As a child, I hated fish, or so they thought. My mum and nana would try everything they could think of to try and get me to eat fish. Of course, I wasn’t a stubborn child except where eating fish was concerned so they had their work cut out for them. Eventually they realized that the reason I wouldn’t eat fish was that I was okay with eating fish but what I actually hated having to debone the cooked fish before eating. Ironically I didn’t mind eating fried sardines and fried karli (silver barfish), the boniest of the varieties available here, go figure! So my loving grandma would patiently sit and debone the fish on my plate, which I would very willingly eat up. Oh, the memories.

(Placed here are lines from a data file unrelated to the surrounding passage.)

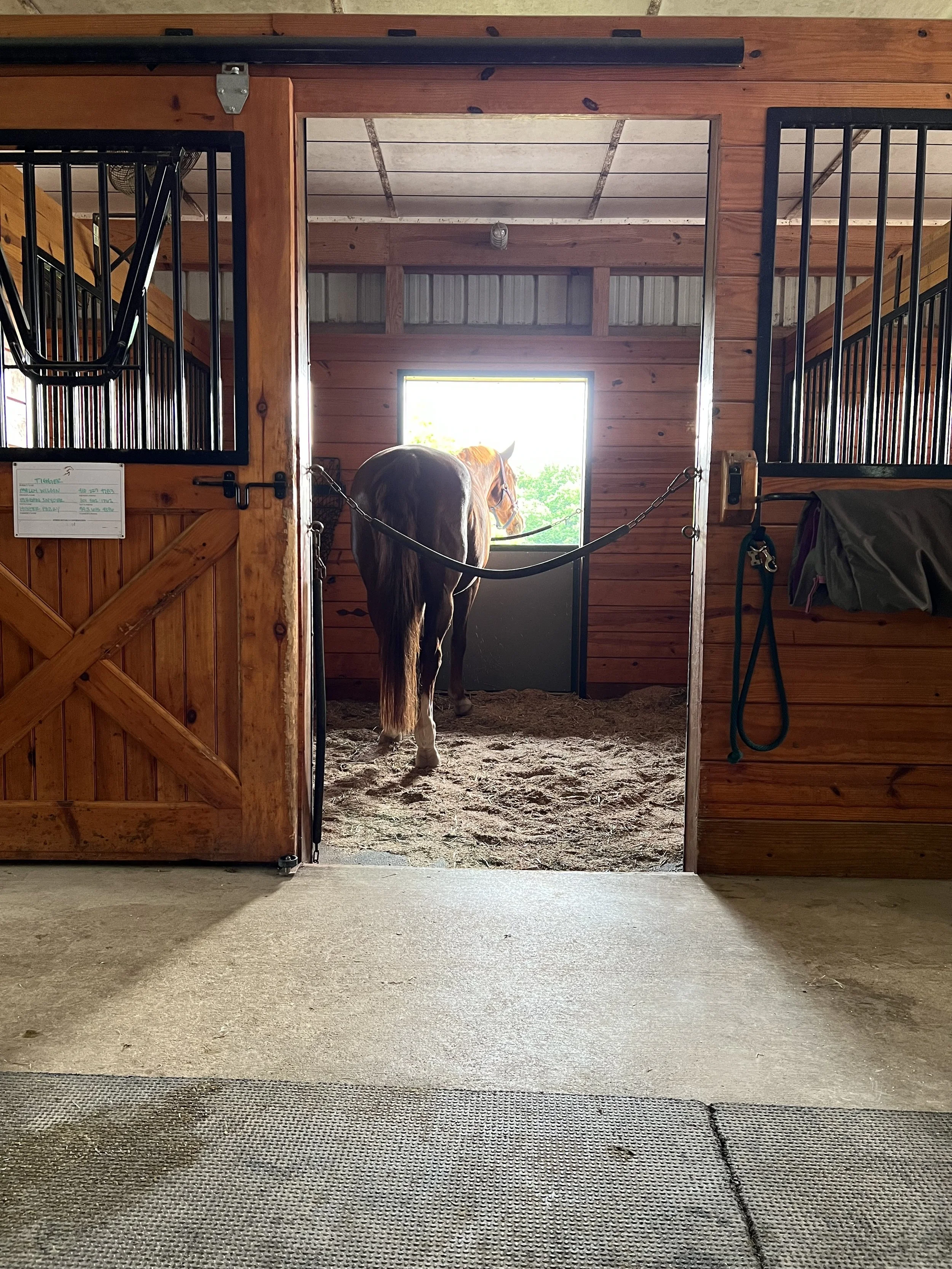 8 matted stalls complete with high quality shavings, two water buckets, hay net & beautiful dutch doors open to the outside for summer breezes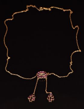 Victorian 9ct necklace set with three sections of foiled garnets, the central section set with a glass compartment, 6.8g, 63cm long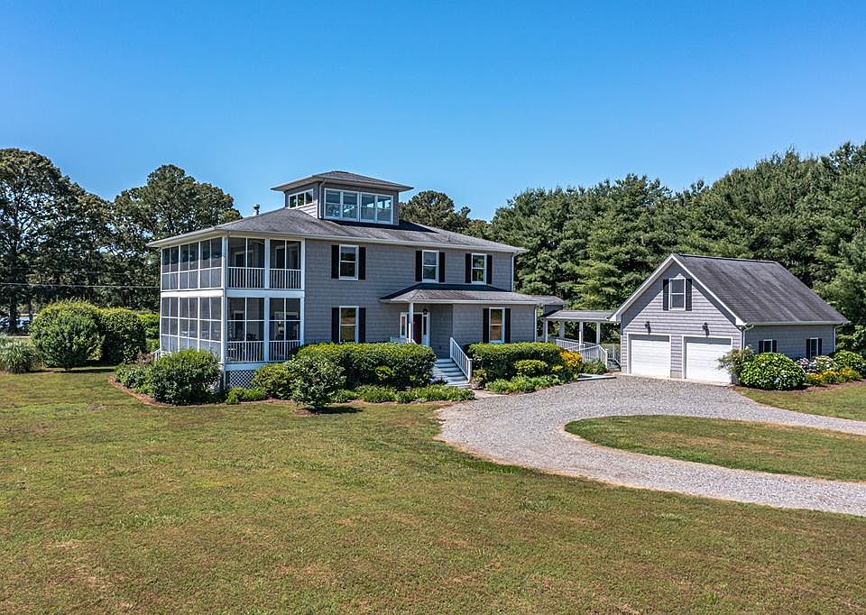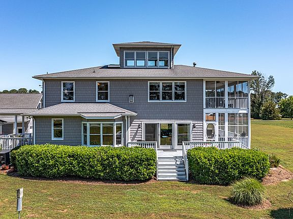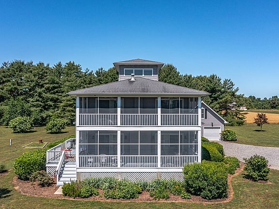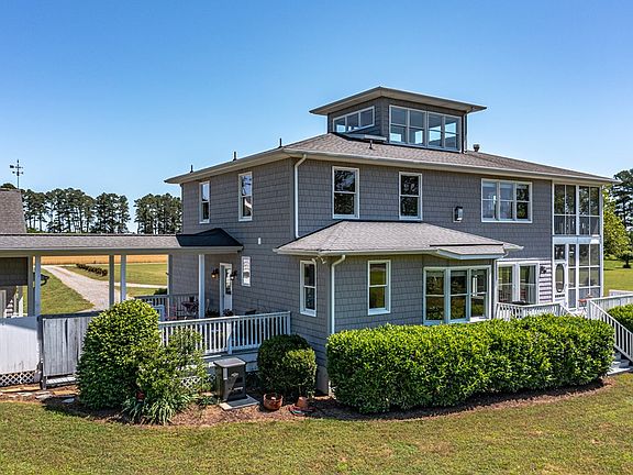 An Outer Banks inspired home with double screen porches to catch the breeze & views of the Rappahannock River and Mill Creek. Community water access to a sand beach on the Rappahannock and Boat Ramp & pier on Mill Creek are both a short walk away. And Regent Point Marina just a 3-minute drive. Water everywhere! 2.81 Acres with beautiful mature plantings, two decks and an outdoor shower. The first floor has a large great room with dining area that opens to a glorious screen porch. Two walls of windows absolutely fill the room with light. Open kitchen with granite counters, a large island and breakfast nook. This level has an ensuite bedroom for easy one-floor living or as separate guest suite. The second flood offers an additional living area with built in bookshelves, gas log fireplace and opens into the second screen porch, fondly named "the sleeping porch." The Primary ensuite bedroom is on this level with sliding glass doors onto the porch. The third bedroom and full bath are also on this level level. Just for fun and for beautiful views there is a third floor watchtower room, a perfect getaway spot for reading to catch a view of the Bridge. Wonderful home with easy water access

Anyway, moving on to the current day scenario, I love fish. And one of my current day favorites are crunchy (fresh) bombay duck fillets. The best part is, my husband, Ashley, is a genius at filleting these guys. Lucky me!!! Nothing could be simpler that making this dish. You really should try this. I want you to enjoy something this delicious. This is not so much a recipe, but simple pointers to making the fillets. Please adjust flavors to your liking
Crunchy Bombay Duck Fillets
Bombay ducks, cleaned and filleted
Red chilly powder
Salt, to taste
Lime juice to taste
Apple cider vinegar, to taste
Besan (chickpea flour)
Bread crumbs, to coat
Oil, for frying
Wash the fish and pat dry. Lay the fillets out flat on a plate.

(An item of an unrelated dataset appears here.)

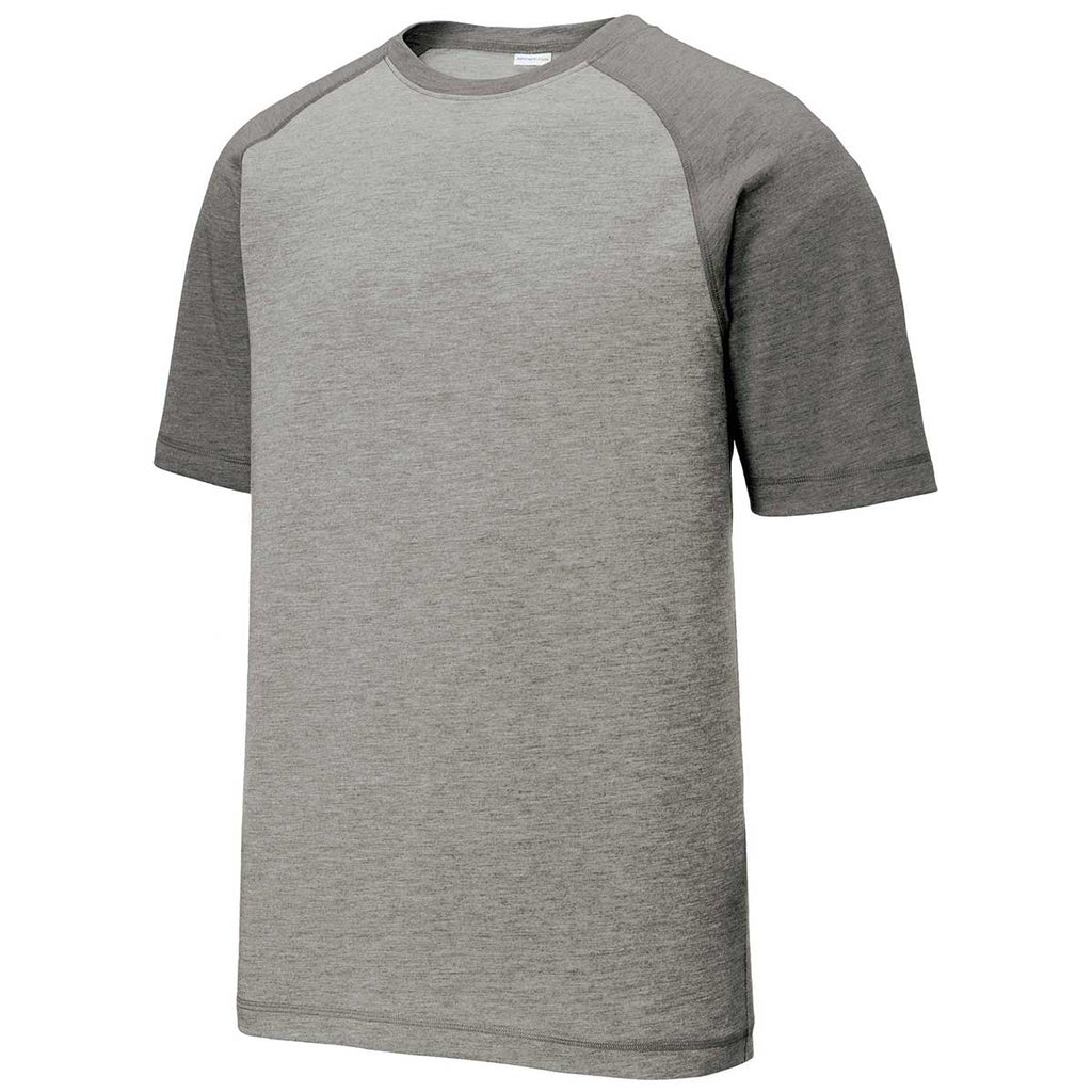 Sport-Tek Men's Dark Grey Heather/Light Grey Heather PosiCharge Tri-Blend Wicking Raglan Tee

Sprinkle the salt, turmeric powder, red chilly powder, lime juice and apple cider vinegar over the fish. Gently, turn over to make sure that both sides are seasoned. Its hard to give you quantities for the spices, since everyone has different preferences. I make sure that there is a little sprinkling of the spices on all the fish on both sides. Handle lightly as this is a delicate fish.
Sprinkle some chickpea flour over the fish on both sides till lightly coated. You can add a few drops of water to help you with this. The chickpea flour will help the fish stay together so please don’t omit it. Since this is a delicate fish, leaving it out will result in the fish breaking up while you try to move it around in the pan. You don’t want a thick layer or a chickpea batter coat, just a light sprinkling to bind it.

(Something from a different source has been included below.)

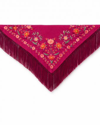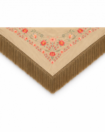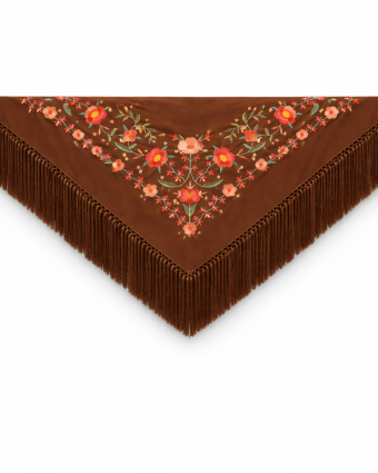 Mantón Estrella Rectangular 75 x 75 Bordado Azul Pavo Grisaceo

Keep aside for about 15 minutes.
Heat a couple of tablespoons of oil in a pan.
Dredge the fillets in breadcrumbs to coat them well. This will give you a crunchy fillet.
Shallow fry on a medium flame. Do not move the fish around in the pan, till a crust has formed on the bottom. Moving it to early will break the fish up. Once the bottom side has formed a nice brown crust, turn over and cook on the other side till done.